Wilder grew the night, and more tempestuous the sea, while the sky became a mountainous landscape of black and white clouds fitfully illumined by the moon, which appeared to run over their fleecy pinnacles and sable plains like some scared white creature pursued by invisible foes: The vessel on which the corpse of Lotys lay, palled in purple, and decked with flowers, flew over the waves, to all seeming with the same hunted rapidity as the moon rushed through the heavens, — and so far, though her masts bent reed-like in the wind, and her sails strained at their cordage, she had come to no harm. Tossed about as she was, rudderless and solitary, there was something almost miraculous in the way she had weathered a storm in which many a well-guided ship must inevitably have gone down. The purple pall with its heavy fringe of gold, that shrouded the coffin she carried, was drenched through and through by the sea, and the flowers on the deck were beaten and drowned in the salt spray that dashed over them.

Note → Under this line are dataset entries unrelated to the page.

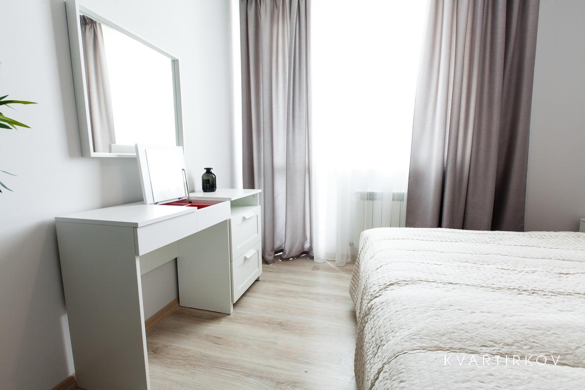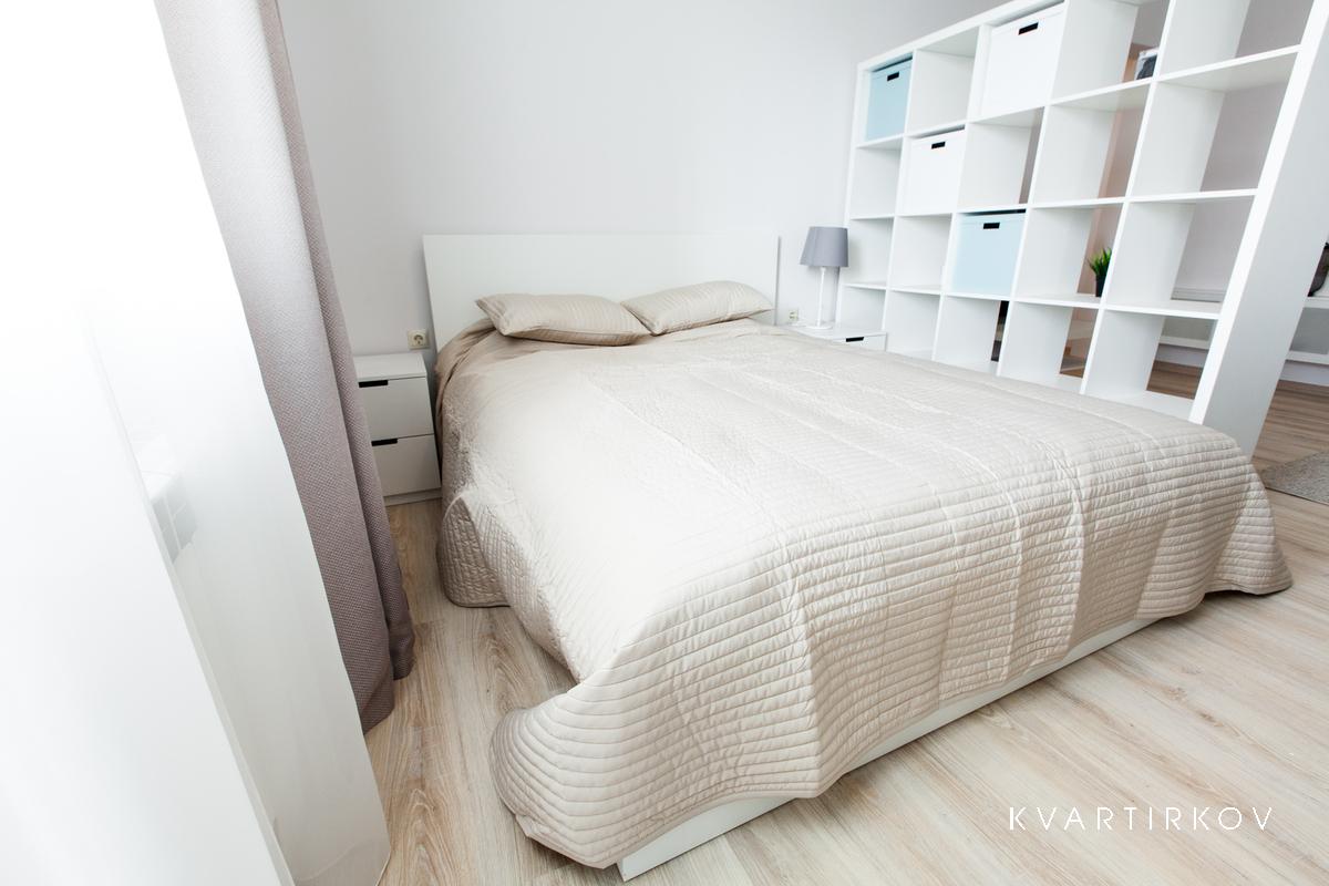 Спальня укомплектована огромной кроватью с ортопедическим матрасом.
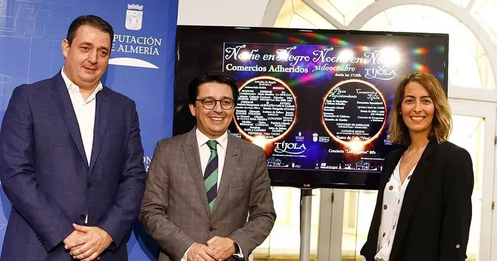 La Noche en Negro de Tíjola se ha presentado en el Palacio Provincial con la participación del diputado de Cultura y Cine, Manuel Guzmán; el alcalde de Tíjola, José Juan Martínez y la concejal de Comercio de Tíjola, María Isabel Tapia.
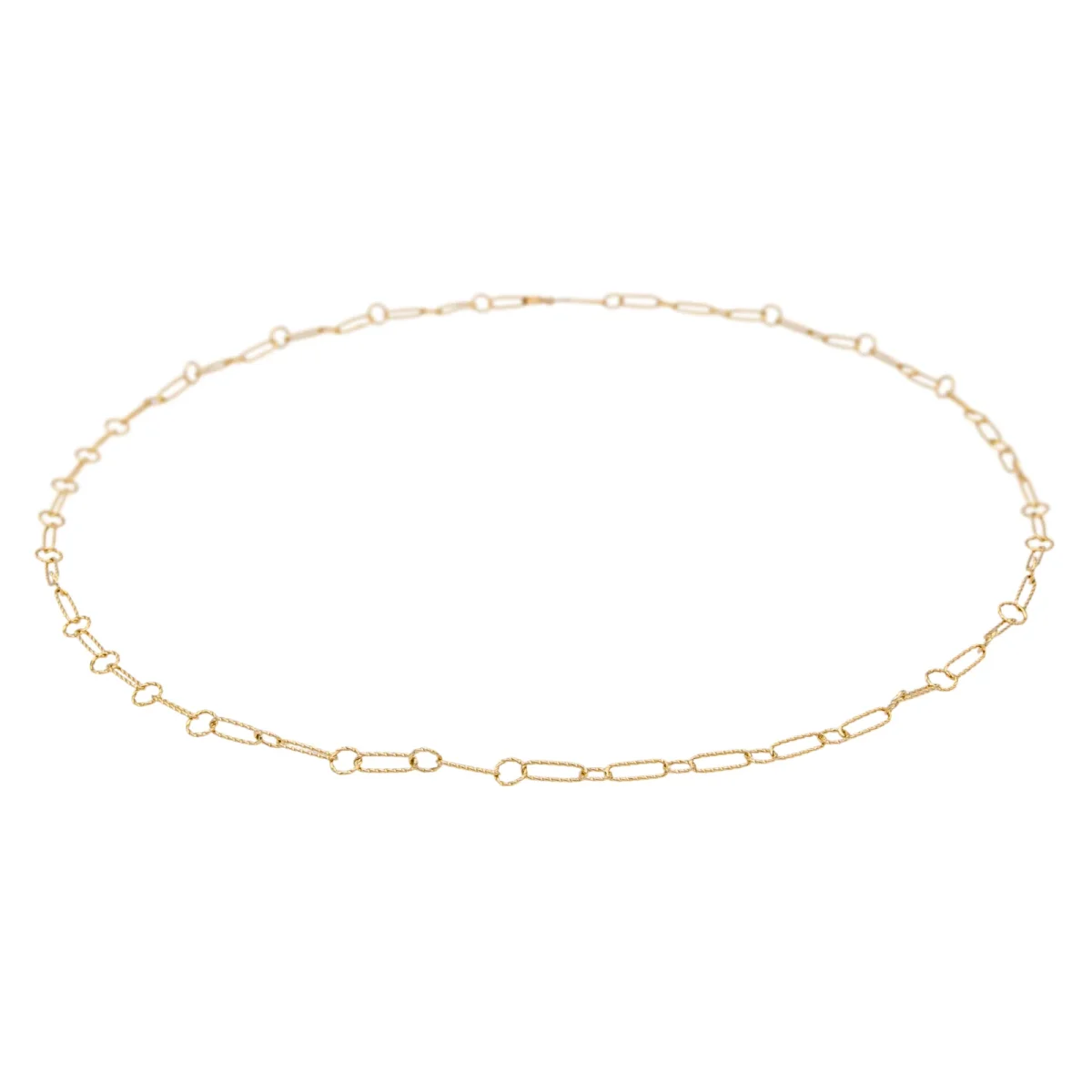 Chaîne sautoir en or jaune 750 millièmes (18 carats), maille filigrane, longueur : 71 cm, largeur : 0,34 cm, poids total : 12,44 g, poinçon tête d’aigle, excellent état
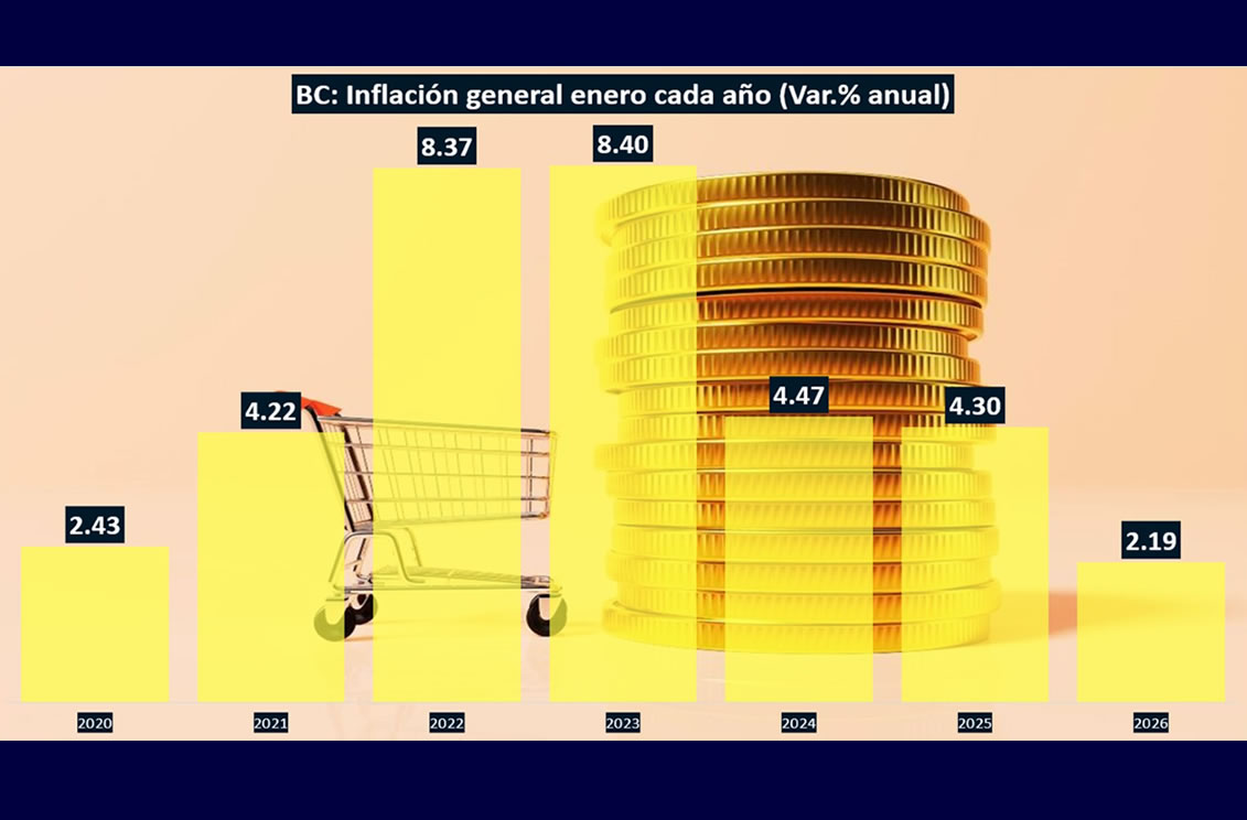TIJUANA BC 9 DE FEBRERO DE 2026 (AFN).- La inflación general de Baja California fue de 0.11% durante enero de 2026 para llegar a una tasa anualizada de 2.19% en comparación al 4.30% a tasa anual que registró en el mismo mes del año anterior, de acuerdo con las cifras que dio a conocer hoy el Instituto Nacional de Estadística y Geografía (INEGI).
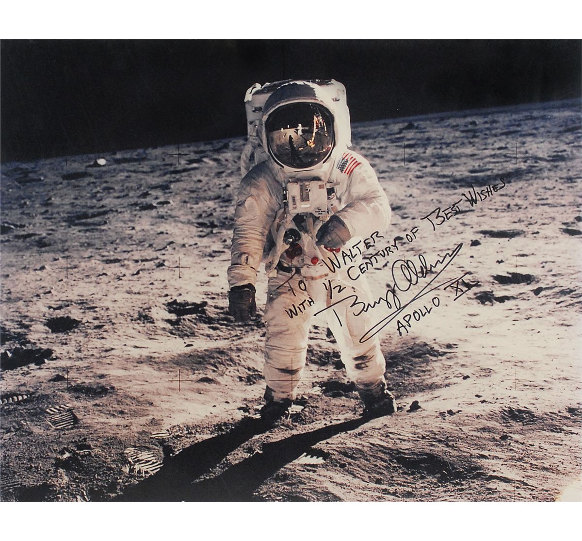 Color satin-finish 20 x 16 photo, signed and inscribed in black felt tip, “To Walter, with 1/2 century of best wishes, Buzz Aldrin, Apollo XI.” In fine condition. Rolled.

But amid all the ruined blossoms of earth, by the side of the dead, and full-fronted to the tempest, stood one living man, for whom life had no charm, and death no terror — the King! What had been reported of him was true — he had resigned his Throne and left his kingdom for the sake of adventuring forth on this great voyage of Discovery, — this swift and stormy sail with Lotys to the Land of the Unknown! Whether it was a madness, or a sick dream that fevered his blood, he knew not — but once the woman he loved was dead, every hope, every ambition in him died too — and he felt himself to be a mere corpse of clay, unwillingly dragged about by a passionate soul that longed, and strove, and fought in its shell for larger freedom. All his life, so to speak, save for the last few months, he had been a prisoner; — he had never, as he had himself declared, known the sweetness of liberty; — but for the sake of Lotys, — had she lived, — he would have been content to still wear the chains of monarchy, and would have endeavoured to accomplish such good as he might, and make such reforms as could possibly benefit his country. But, after all, it is only a ‘possibility ‘that any reforms will avail to satisfy any people long; and he was philosopher and student enough to know that whatsoever good one may endeavour to do for the wider happiness and satisfaction of the multitude, they are as likely as not to turn and cry out— “Thy good is our evil! Thy love to us is but thine own serving!” — and so turn and rend their best benefactors. With the loss of Lotys, he lost the one mainspring of faith and enthusiasm which would have helped him to match himself against his destiny and do battle with it. A great weariness seized upon him, — a longing for some wider scope of action than such futile work as that of governing, or attempting to govern, a handful of units whose momentary Order was bound, in a certain period of time to lapse into Disorder — then into Order again, and so on till the end of all.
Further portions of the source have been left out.